CodeAICloudflareDebuggingTaskless
A sandbox with shield, a green checkmark in the codedrift signature green color

Taskless generates runtime rules: small checks that go beyond static analysis to confirm a codebase actually behaves the way it should. Some of those checks are model-generated code, and model-generated code has to run somewhere you trust it not to do damage. We built that somewhere on Cloudflare Containers and the Sandbox SDK. It's live today, rolling out slowly so we can get it right.

What's not going to be in the official blog post is the 18 to 20 hours I lost closing the gap between the Cloudflare docs and reality. This post is most of that gap written down, so the next person building on Containers spends those hours shipping instead of bisecting.

I don't want this to be just about the gotchas, though. There was a lot of work we didn't have to do because of the Cloudflare platform. Isolation, scale-to-zero billing, a real Linux box at the edge, a lifecycle we never had to operate. Containers gave us all of it. The rough edges below are real, and Containers still feel unpolished next to Workers and Durable Objects, and even with those rough edges we still think Cloudflare is the right choice for what we're building.

The build that would not build

My rabbit hole started with a single line in a Dockerfile. We use ast-grep for the static-analysis layer (more on why later), so the generator image installs the CLI:

RUN npm install -g @ast-grep/cli@0.41.1 tsx@4.19.4 typescript@5.9.3 @types/node@22.19.13

On Cloudflare's build, that step hung for about eight and a half minutes and then died:

npm error code EAI_AGAIN
npm error syscall getaddrinfo
npm error errno EAI_AGAIN
npm error request to https://registry.npmjs.org/@ast-grep%2fcli failed,
reason: getaddrinfo EAI_AGAIN registry.npmjs.org

EAI_AGAIN is a DNS resolution failure. The build environment couldn't resolve registry.npmjs.org long enough to pull the package. It read like a transient network blip, so the first few times I kicked the can and retried. It kept coming back.

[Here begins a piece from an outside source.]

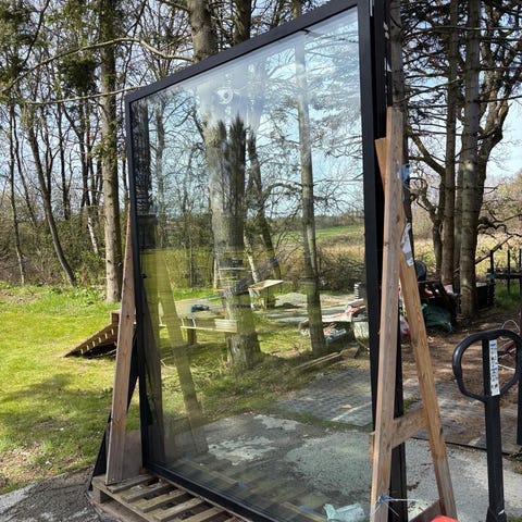 Stort vinduesparti med karm bortgives, fint til fx udestue. Har aldrig været monteret men har stået ude i 4 år højde 234 cm bredde 227 cm. Træ/alu med 3 lags glas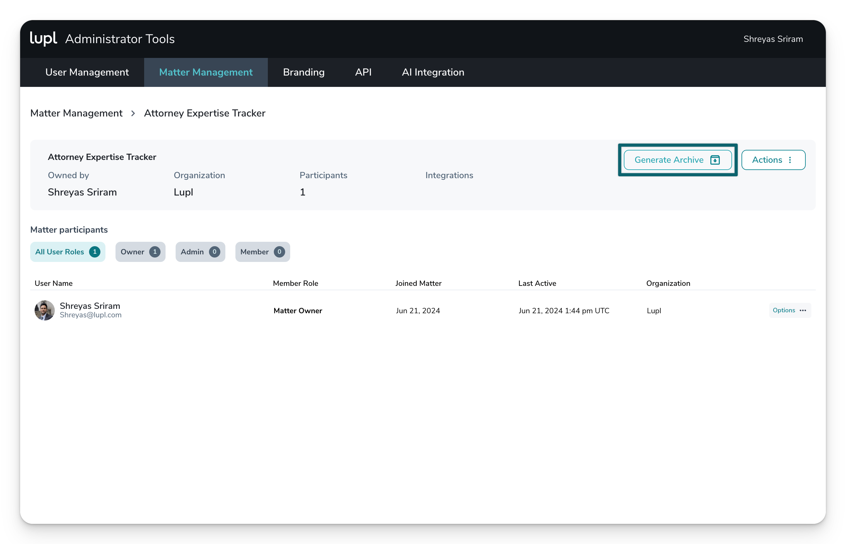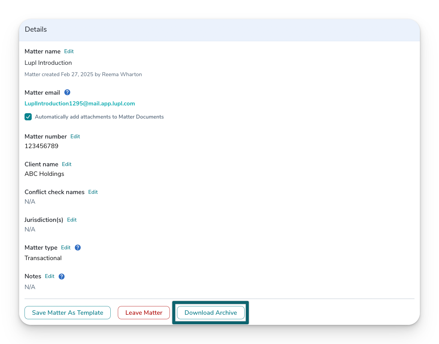 - Within the Details section of each Lupl matter, each team member has an option to generate a Matter Archive.

That one issue was more than half the time I spent chasing documentation. It was only when I stood up a single Dockerfile and tried to pull anything at all down via npm that I considered the issue might not be anything I was doing at all. My best read is that the failure lives somewhere in Cloudflare's container build path and isn't documented anywhere I could find. It might be written down somewhere. I never found it, and I looked hard.

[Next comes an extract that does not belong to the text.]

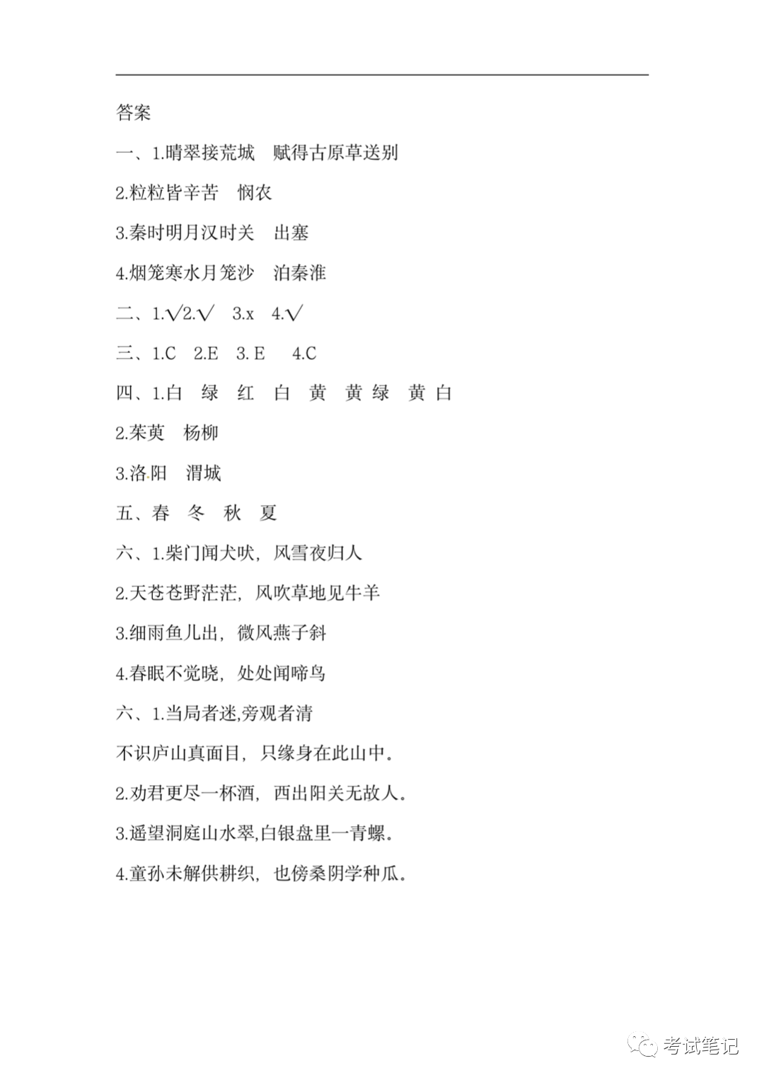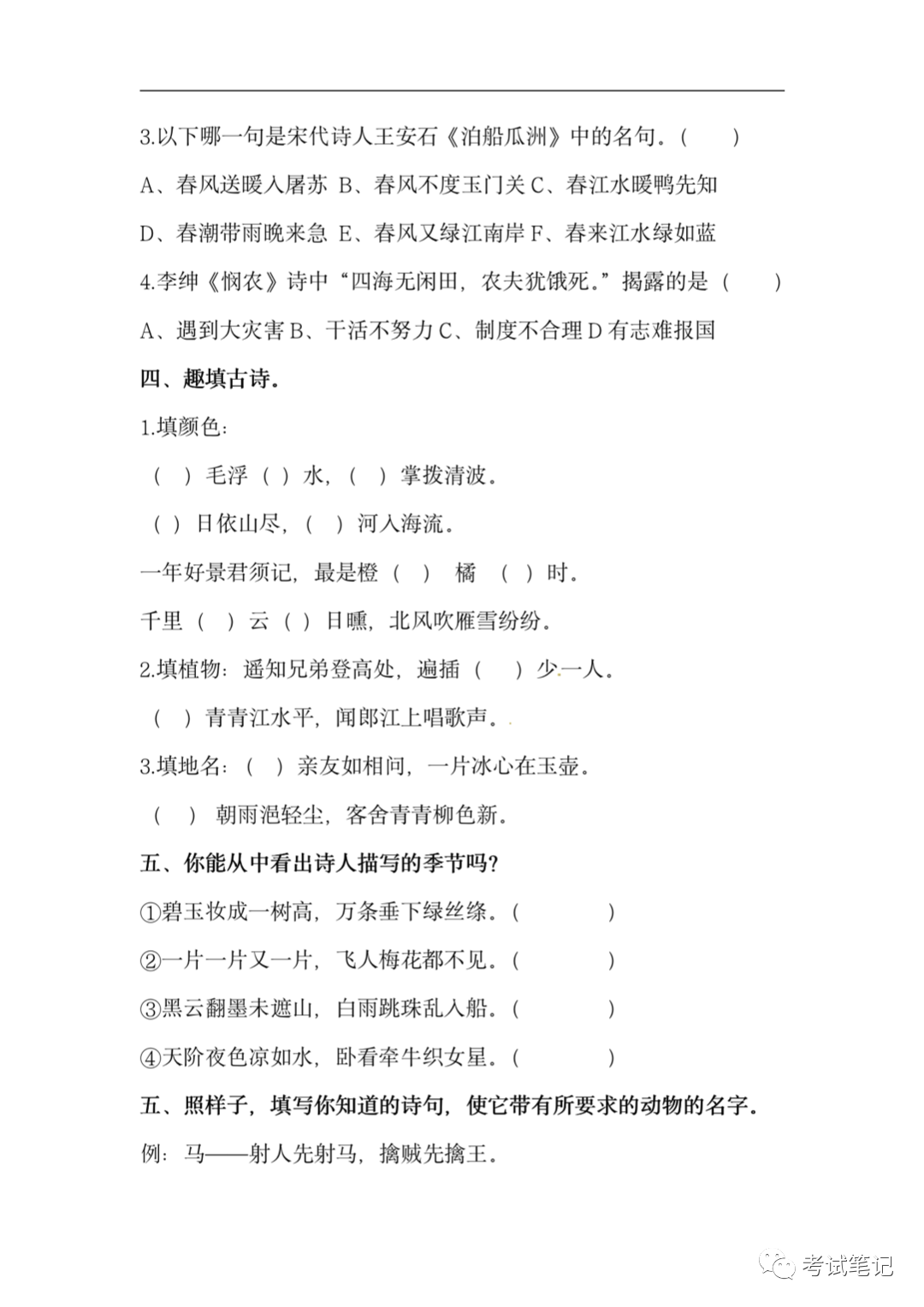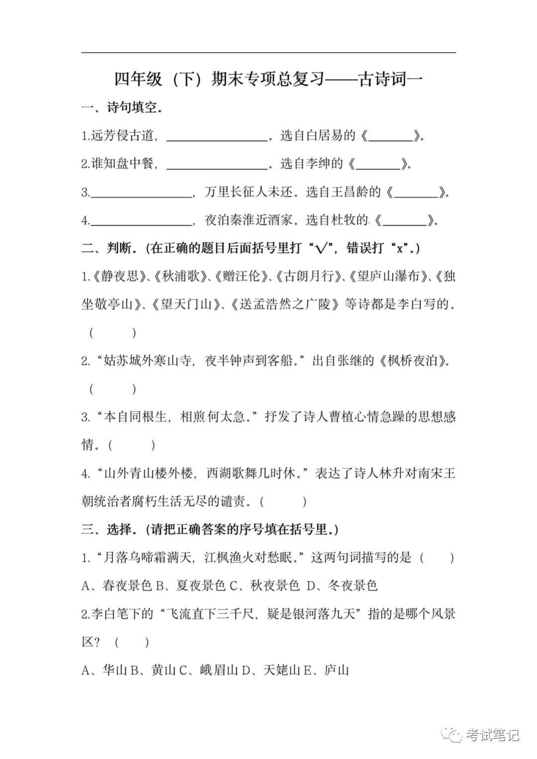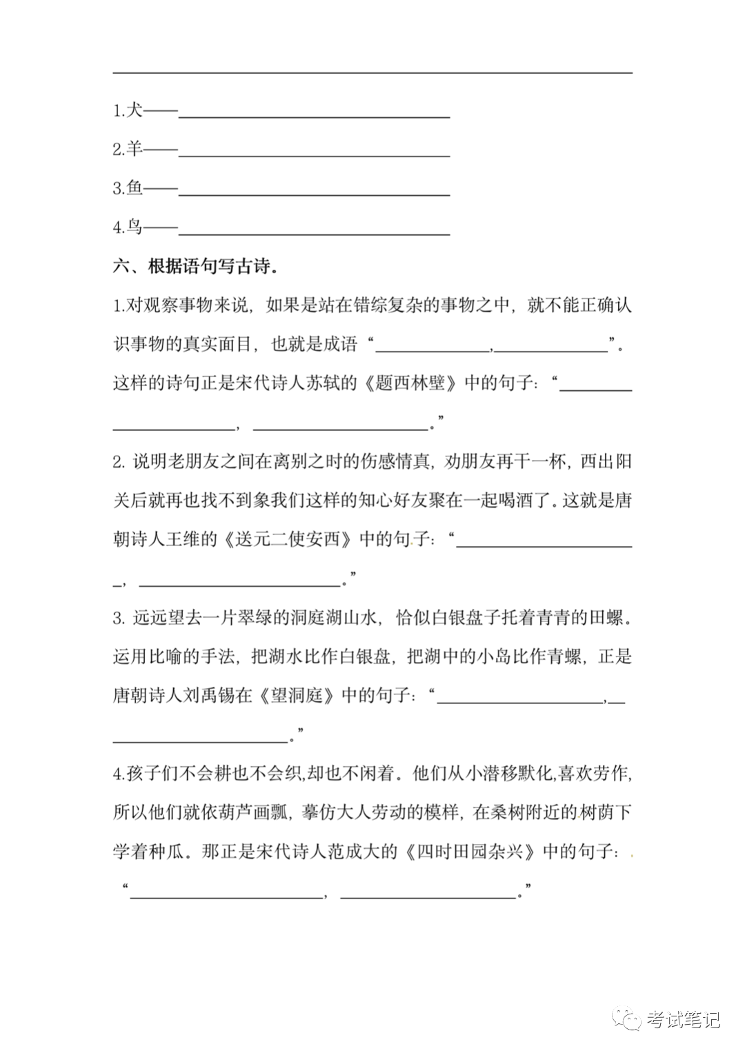 四年级语文下册:古诗词训练,期末专项练习题!

The fix was to stop building the image on Cloudflare and move the whole thing, image build plus wrangler deploy, into GitHub Actions, where installing ast-grep is a non-event. Running our Docker assembly on GitHub Actions has its own problems for hardening, and we had to do a pass to pin SHAs for every tool required in the pipeline. It was good hygiene. It was just stuff we didn't plan on having to do.

The part that stung most came at the end. wrangler deploy --dry-run reported everything green. The real wrangler deploy then fell apart, because the dry run doesn't emulate the full deploy path. There's a special flavor of pain in a tool telling you it's safe to proceed and then failing the moment you actually proceed. If you take one operational habit from this post: don't trust --dry-run as proof, trust a real deploy to a throwaway environment. The release was rough (for me), but nothing ever went down. My Twitch community even came along for the ride as we deployed our way through integration hell that Thursday afternoon.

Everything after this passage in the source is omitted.